Solution:
To determine which of the given numbers are divisible by 15, we need to check if they are divisible by both 3 and 5.
If the sum of the digits of a number is divisible by 3, then the number itself is divisible by 3. Therefore, we can check if the numbers are divisible by 3 by adding their digits.
To check if a number is divisible by 5, we only need to check if its last digit is 0 or 5.
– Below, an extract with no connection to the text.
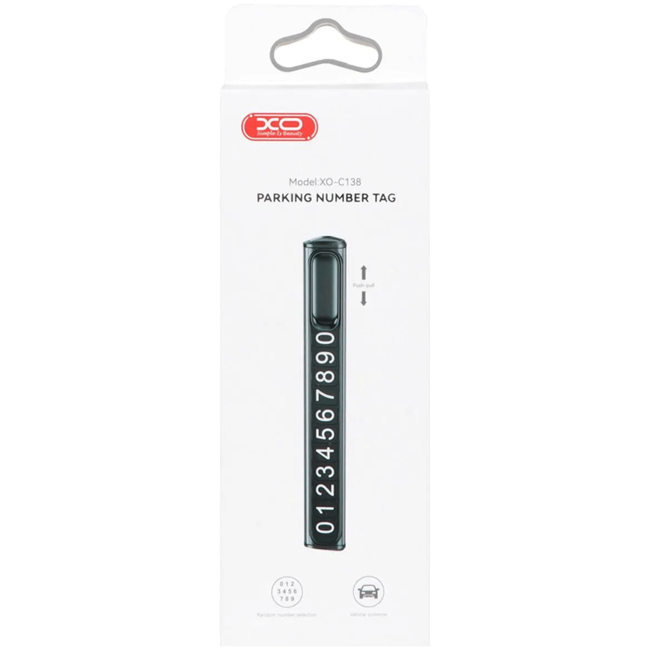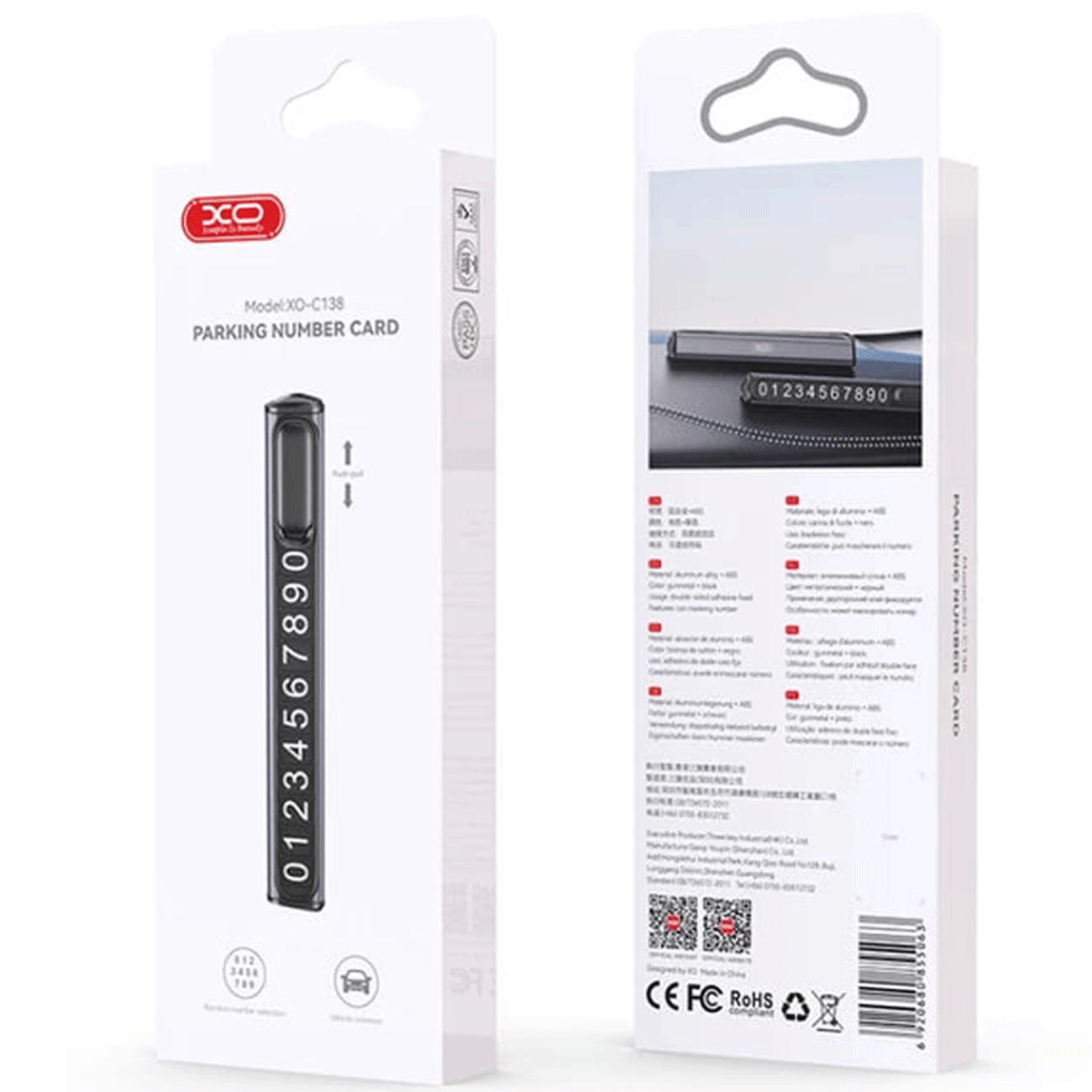 دستگاه اعلام شماره تلفن پارک خودرو ایکس او C138 شامل چند مجموعه استیکر با اعداد 0 تا 9 است که خواندن اعداد بیرون و خارج از پنجره ماشین حتی در تاریکی را آسان می کند.

Let's check each of the given numbers:
a) 73445: The sum of its digits is 7 + 3 + 4 + 4 + 5 = 23, which is not
divisible by 3, and its last digit is 5, which is divisible by 5. So, 73445
is not divisible by 15.
b) 38445: The sum of its digits is 3 + 8 + 4 + 4 + 5 = 24, which is
divisible by 3, and its last digit is 5, which is divisible by 5. So, 38445
is divisible by 15.
c) 39445: The sum of its digits is 3 + 9 + 4 + 4 + 5 = 25, which is not
divisible by 3, and its last digit is 5, which is divisible by 5. So, 39445 is not divisible by 15.
d) 64345: The sum of its digits is 6 + 4 + 3 + 4 + 5 = 22, which is not
divisible by 3, and its last digit is 5, which is divisible by 5. So, 64345
is not divisible by 15.
Therefore, only the number b) 38445 can be divided by 15.